Özet

Isolierung von Histon von Sorghum Blattgewebe für Top Down Mass Spektrometrie Profilierung von potenziellen epigenetischen Markern

Published: March 04, 2021
doi:

Özet

Das Protokoll wurde entwickelt, um intakte Histone effektiv aus Sorghumblattmaterialien für die Profilierung von histonenposttranslationalen Modifikationen zu extrahieren, die als potenzielle epigenetische Marker dienen können, um die Konstruktion von dürreresistenten Kulturen zu unterstützen.

Abstract

Histone gehören zu einer Familie von hochkonservierten Proteinen in Eukaryoten. Sie packen DNA als funktionelle Chromatineinheiten in Nukleosomen ein. Posttranslationale Modifikationen (PTMs) von Histonen, die hochdynamisch sind und durch Enzyme hinzugefügt oder entfernt werden können, spielen eine entscheidende Rolle bei der Regulierung der Genexpression. In Pflanzen stehen epigenetische Faktoren, einschließlich Histon-PTMs, im Zusammenhang mit ihren adaptiven Reaktionen auf die Umwelt. Das Verständnis der molekularen Mechanismen der epigenetischen Kontrolle kann beispiellose Chancen für innovative Bioengineering-Lösungen mit sich bringen. Hierin beschreiben wir ein Protokoll, um die Kerne zu isolieren und Histone aus Sorghumblattgewebe zu reinigen. Die extrahierten Histone können in ihren intakten Formen durch Top-Down-Massenspektrometrie (MS) gekoppelt mit der Online-Rektokphase (RP) Flüssigchromatographie (LC) analysiert werden. Kombinationen und Stoichiometrie mehrerer PTMs auf demselben Histonproteoform können leicht identifiziert werden. Darüber hinaus kann Histonschwanzclipping mit dem Top-Down-LC-MS-Workflow erkannt werden, wodurch das globale PTM-Profil von Kernhistonen (H4, H2A, H2B, H3) entsteht. Wir haben dieses Protokoll zuvor angewendet, um Histon-PTMs aus Sorghumblattgewebe zu profilieren, das aus einer groß angelegten Feldstudie gesammelt wurde, um epigenetische Marker der Dürreresistenz zu identifizieren. Das Protokoll könnte möglicherweise für die Chromatin-Immunpräzipationssequenzierung (ChIP-seq) oder für die Untersuchung von Histon-PTMs in ähnlichen Pflanzen angepasst und optimiert werden.

Introduction

Die zunehmende Schwere und Häufigkeit der Dürre dürfte sich auf die Produktivität der Getreidepflanzenauswirken 1,2. Sorghum ist eine Getreidenahrungs- und Energiepflanze, die für ihre außergewöhnliche Fähigkeit bekannt ist, wasserbegrenzenden Bedingungen standzuhalten3,4. Wir verfolgen ein mechanistisches Verständnis des Zusammenspiels von Dürrestress, Pflanzenentwicklung und Epigenetik von Sorghum [Sorghum bicolor (L.) Moench] Pflanzen. Unsere bisherige Arbeit hat starke Verbindungen zwischen Pflanzen- und Rhizosphärenmikrobiom bei der Dürreakklimatisierung und Reaktionen auf molekularer Ebene5,6,7gezeigt. Diese Forschung wird den Weg für die Nutzung epigenetischer Technik bei der Anpassung von Pflanzen an zukünftige Klimaszenarien ebnen. Als Teil der Bemühungen um das Verständnis der Epigenetik wollen wir Proteinmarker untersuchen, die die Genexpression innerhalb des Pflanzenorganismus beeinflussen.

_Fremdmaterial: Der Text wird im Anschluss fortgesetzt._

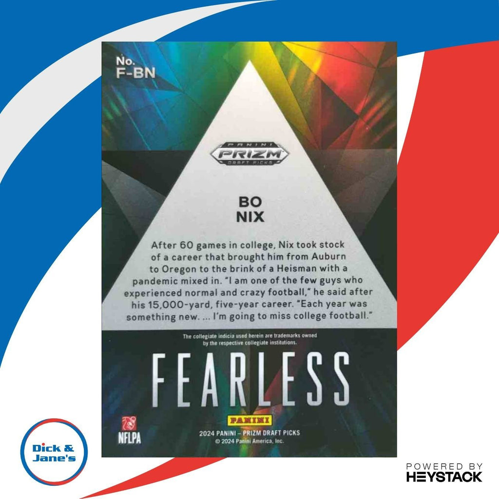2024 Panini Prizm Collegiate Draft Picks Bo Nix Fearless #F-BN RC Oregon Ducks. This NCAAF card features the rookie debut of talented quarterback Bo Nix in his new uniform with the Oregon Ducks. A must-have for any collector looking to invest in the future star of the game. Listed With Mascot.
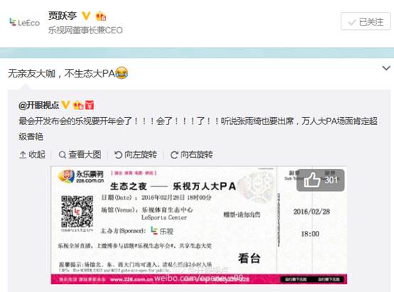 昨日(2月16日)有网友在微博上透露“最会开发布会的乐视要开年会了!!!会了!!!了!!听说张雨绮也要出席,万人大PA场面肯定超级香艳。”并晒出了一张乐视年会的入场券,微博爆料的张雨绮将出席乐视大PA的消息也一下子戳中了网友的G点。随后乐视创始人贾跃亭转发该微博时称:“无亲友大咖、不生态大PA”,透露乐视将在2月28日在乐视体育生态中心召开万人大PA。张雨绮在今年最热的贺岁大片《美人鱼》中饰演美艳绝伦的大反派若兰,令人印象深刻,霸道总裁气场全开,魔鬼身材令人喷血,惊艳了无数网友,人气也随之大涨。目前该片正在影院热映,连续打破多项纪录,短短9天票房已突破21亿,超越《捉妖记》登顶中国内地票房冠军的位置指日可待,张雨绮也有望凭借此片赢得“票房女王”的桂冠。
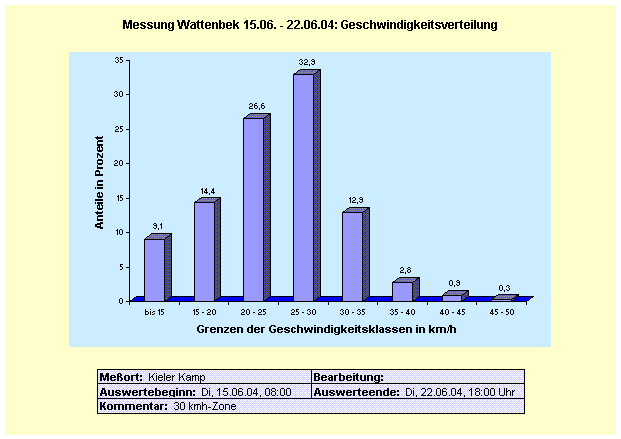 Mit dem Verkehrsmesssystem "viasis" werden Geschwindigkeiten gemessen und dem Fahrer/der Fahrerin direkt angezeigt. Der Hauptzweck der Einrichtung besteht darin, verkehrserziehend zu wirken. Sobald die zulässige Höchstgeschwindigkeit überschritten wird, blinkt die Anzeige. Dieser Hinweis soll bewirken, dass der Fuß vom Gaspedal genommen, bzw. gebremst wird. Auch der Effekt, dass Passanten die Anzeige sehen soll erzieherisch auf Schnellfahrer wirken. Darüber hinaus werden die Messwerte und die Anzahl der Fahrzeuge gespeichert und können ausgewertet werden. Ergebnisse dieser Messungen werden an dieser Stelle regelmäßig veröffentlicht. Die Messeinrichtung ist mobil. Sie kann also auch bei Bedarf an von Bürgern gewünschten Stellen aufgestellt werden. Den Bedarf bitte anmelden beim Bürgermeister, Herrn Uwe Bräse: e-mail: buergermeister@wattenbek.de bzw. Telefon 69 25 85. (Archiv der Verkehrsmessungen: hier) Messungen vom 15.06. bis 22.06.04 im Kieler Kamp: |
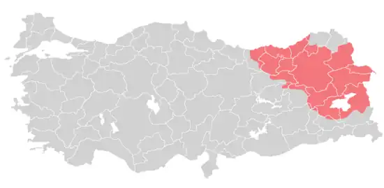 Western Armenia refers to an undefined area, now in eastern Turkey, that had significant Armenian population prior to the Armenian genocide of 1915.[154][155] As a result of the genocide, officially no Armenians live in the area today.[156] However, at least two distinct groups of Armenian origin reside in the area. Hemshin peoples, an islamisized group with Armenian ethnic origin,[157][158] live in the Black Sea coast, particularity in the Rize province.[159] Another group, "Hidden Armenians", live throughout Turkey, especially the eastern parts of the country. Many of them have been assimilated by Kurds. It is impossible to determine how many there are due to the fact that they keep their identity hidden, but estimates range from below 100,000 to millions.[160] Since the Armenian Genocide, the area has been mostly settled by Kurds and Turks,[161] with smaller numbers of Azerbaijanis (near the Turkish-Armenian border)[162] and Georgians and Laz people in the northeastern provinces of Turkey.[163][164]
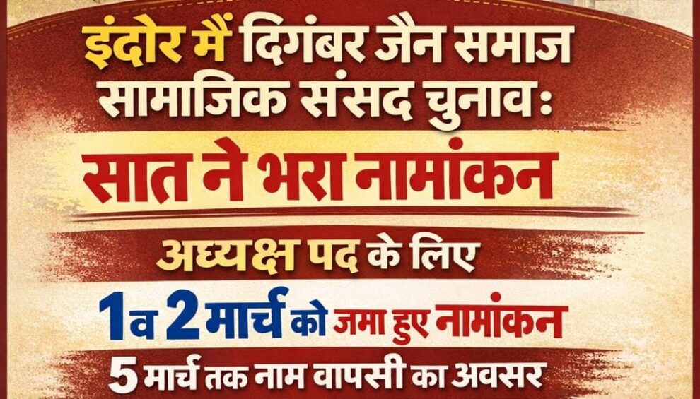 इंदौर में दिगंबर जैन समाज सामाजिक संसद चुनाव: सात ने भरा नामांकन : अध्यक्ष पद के लिए 1 व 2 मार्च को जमा हुए नामांकन, 5 मार्च तक नाम वापसी का अवसर
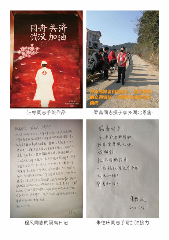 The first and third postgraduate Party branches of SPSIR conducted an online campaign to spread epidemic prevention knowledge and requirements. Members of the Party branches have given full play to their subjective initiative and creativity to express their gratitude and support to the frontline workers in Wuhan through hand-drawing, text and photos. Active applicants for Party membership also submitted their special thinking reports. Party members in the epicenter of Hubei wrote quarantine diaries to share the real life in the affected areas, and show the care and encouragement from the University and the School. They felt so lucky and happy to be a member of the big warm family of SPSIR. In particular, Comrade Yu Yanfang played an exemplary role to join the local volunteer team of Party members, trying to contribute a part to the victory over the virus in her hometown. In this special period, let us unite as one to overcome the pandemic as soon as possible.
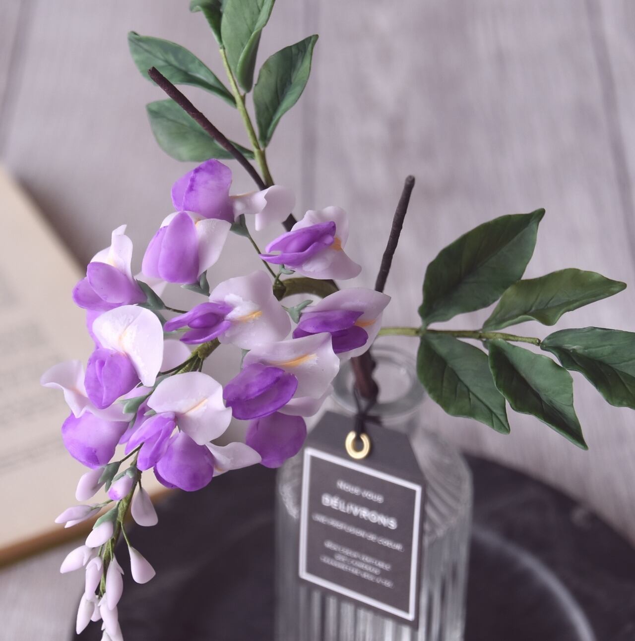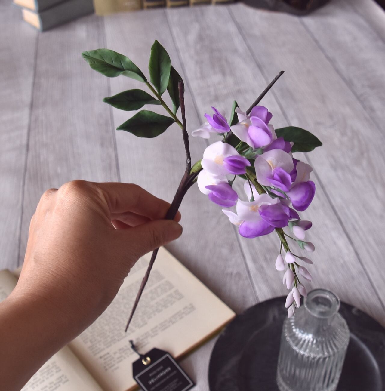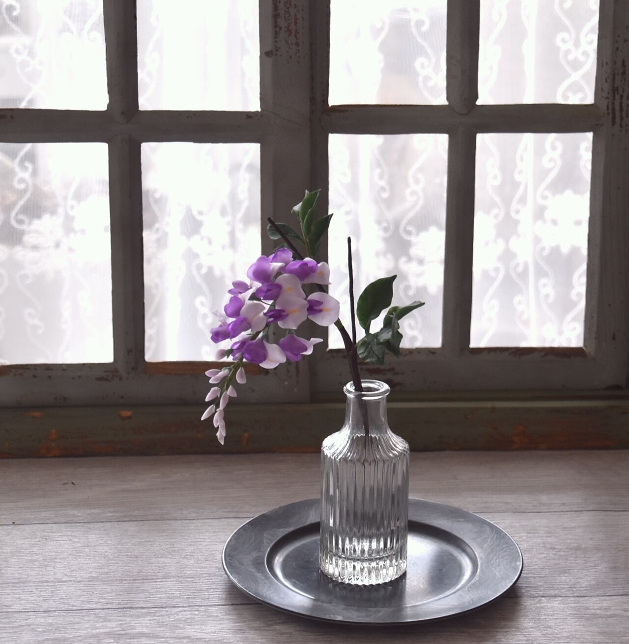 粘土で藤の花をつくり、上品なガラスボトルにアレンジしました。

Histone gehören zu einer hochkonservierten Familie von Proteinen in Eukaryoten, die DNA als grundlegende Chromatineinheiten in Nukleosomen verpacken. Posttranslationale Modifikationen (PTMs) von Histonen werden dynamisch reguliert, um die Chromatinstruktur zu steuern und die Genexpression zu beeinflussen. Wie andere epigenetische Faktoren, einschließlich DNA-Methylierung, spielen Histon-PTMs eine wichtige Rolle in vielen biologischen Prozessen8,9. Antikörperbasierte Assays wie Western Blots wurden häufig verwendet, um Histon-PTMs zu identifizieren und zu quantifizieren. Darüber hinaus kann die Wechselwirkung von Histon-PTMs und DNA durch Chromatin-Immunpräzipitation – Sequenzierung (ChIP-seq)10effektiv untersucht werden. In ChIP-seq wird Chromatin mit spezifischem gezielten Histon PTM durch Antikörper gegen diese spezifische PTM angereichert. Dann können die DNA-Fragmente aus dem angereicherten Chromatin freigesetzt und sequenziert werden. Regionen von Genen, die mit dem gezielten Histon PTM interagieren, werden aufgedeckt. Alle diese Experimente sind jedoch stark auf hochwertige Antikörper angewiesen. Bei einigen Histonvarianten/Homologen oder Kombinationen von PTMs kann die Entwicklung robuster Antikörper (besonders bei mehreren PTMs) äußerst anspruchsvoll sein. Darüber hinaus können Antikörper nur entwickelt werden, wenn der gezielte Histon PTM bekannt ist. 11 Daher sind alternative Methoden für eine ungezielte, globale Profilierung von Histon-PTMs erforderlich.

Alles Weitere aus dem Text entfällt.